Please copy the lines below, exactly as they are, from the one with "Jang Sunday Classified" through the one with "Автор выражает признательность", and leave out the pictures.

* Extracted entries *
·····

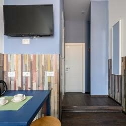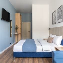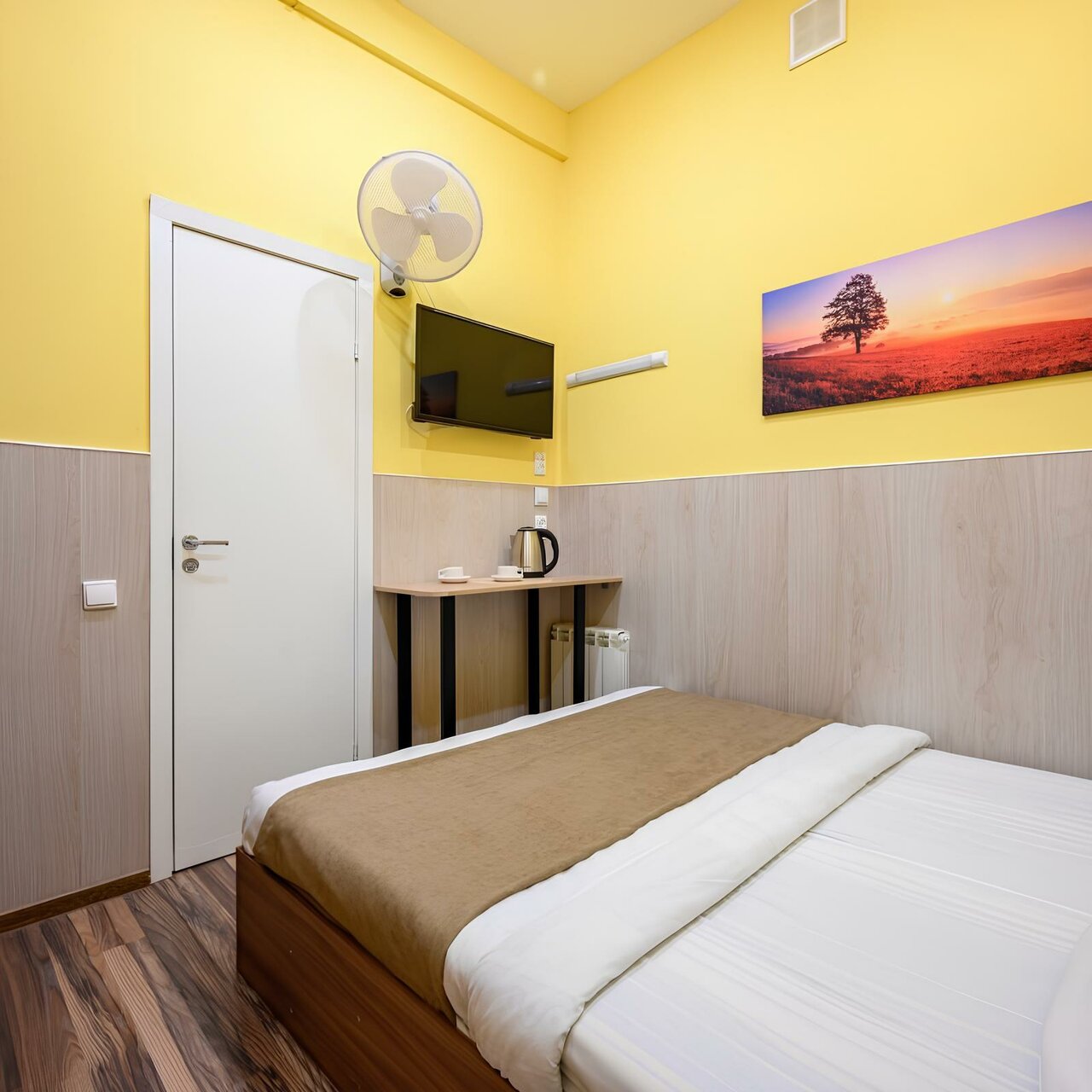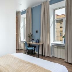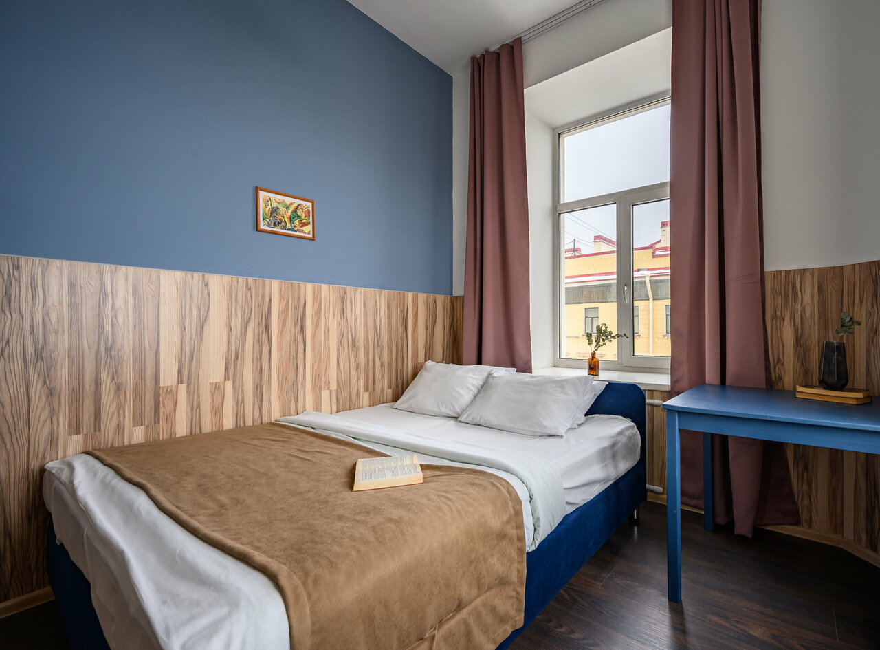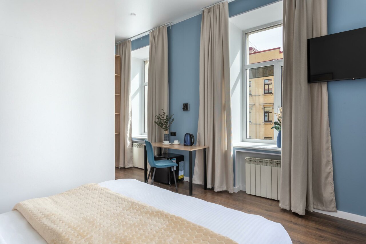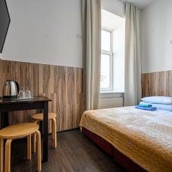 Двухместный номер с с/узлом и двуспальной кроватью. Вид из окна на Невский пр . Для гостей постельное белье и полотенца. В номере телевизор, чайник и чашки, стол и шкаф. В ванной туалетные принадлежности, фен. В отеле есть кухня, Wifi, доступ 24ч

·····

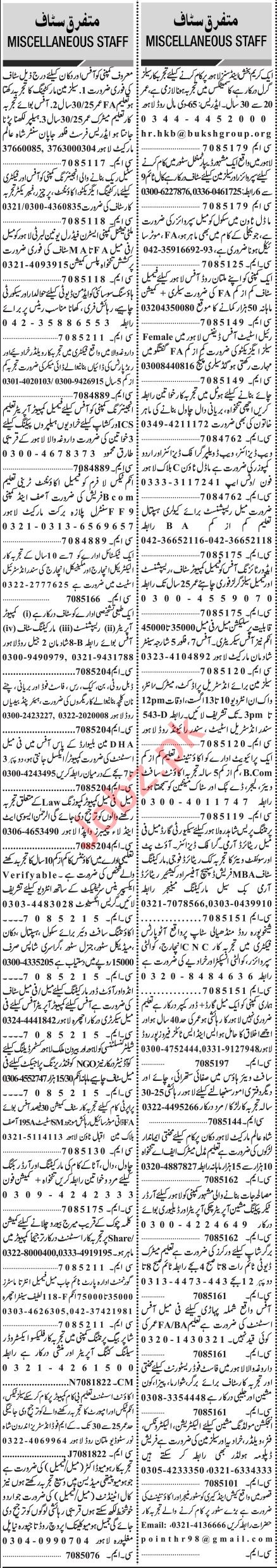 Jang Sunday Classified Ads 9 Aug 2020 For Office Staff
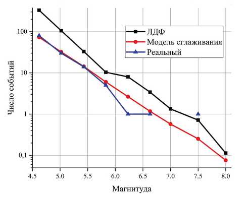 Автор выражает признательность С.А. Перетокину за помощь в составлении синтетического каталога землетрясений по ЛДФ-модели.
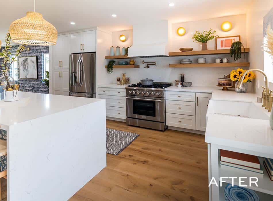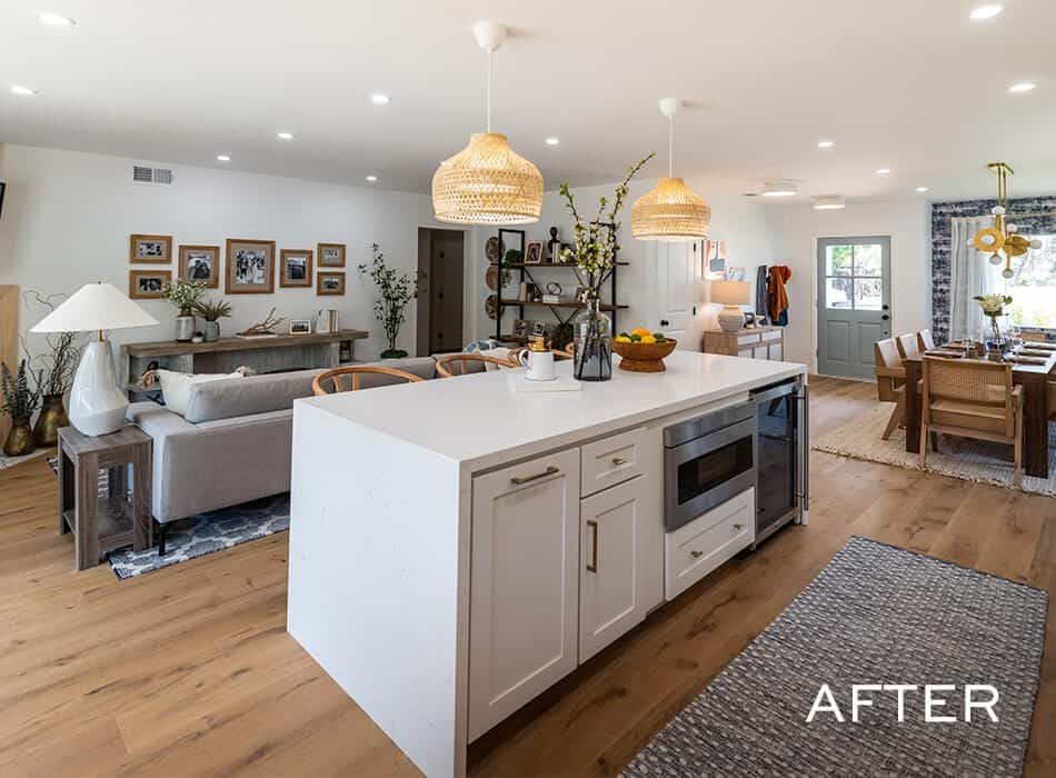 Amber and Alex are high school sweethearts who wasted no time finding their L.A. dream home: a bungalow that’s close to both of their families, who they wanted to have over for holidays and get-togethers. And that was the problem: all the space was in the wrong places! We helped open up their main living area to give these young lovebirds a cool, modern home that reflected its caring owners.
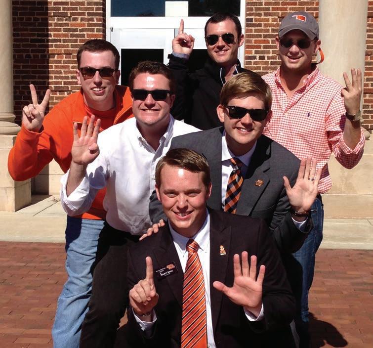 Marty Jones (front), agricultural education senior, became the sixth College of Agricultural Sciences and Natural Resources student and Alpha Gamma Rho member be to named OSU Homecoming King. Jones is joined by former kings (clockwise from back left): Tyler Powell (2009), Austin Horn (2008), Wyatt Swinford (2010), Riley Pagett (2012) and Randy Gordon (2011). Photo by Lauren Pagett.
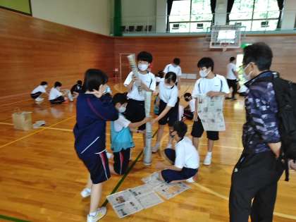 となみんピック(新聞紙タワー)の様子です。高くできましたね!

·····

* Finished exercise *
 Jang Sunday Classified Ads 9 Aug 2020 For Office Staff
 Автор выражает признательность С.А. Перетокину за помощь в составлении синтетического каталога землетрясений по ЛДФ-модели.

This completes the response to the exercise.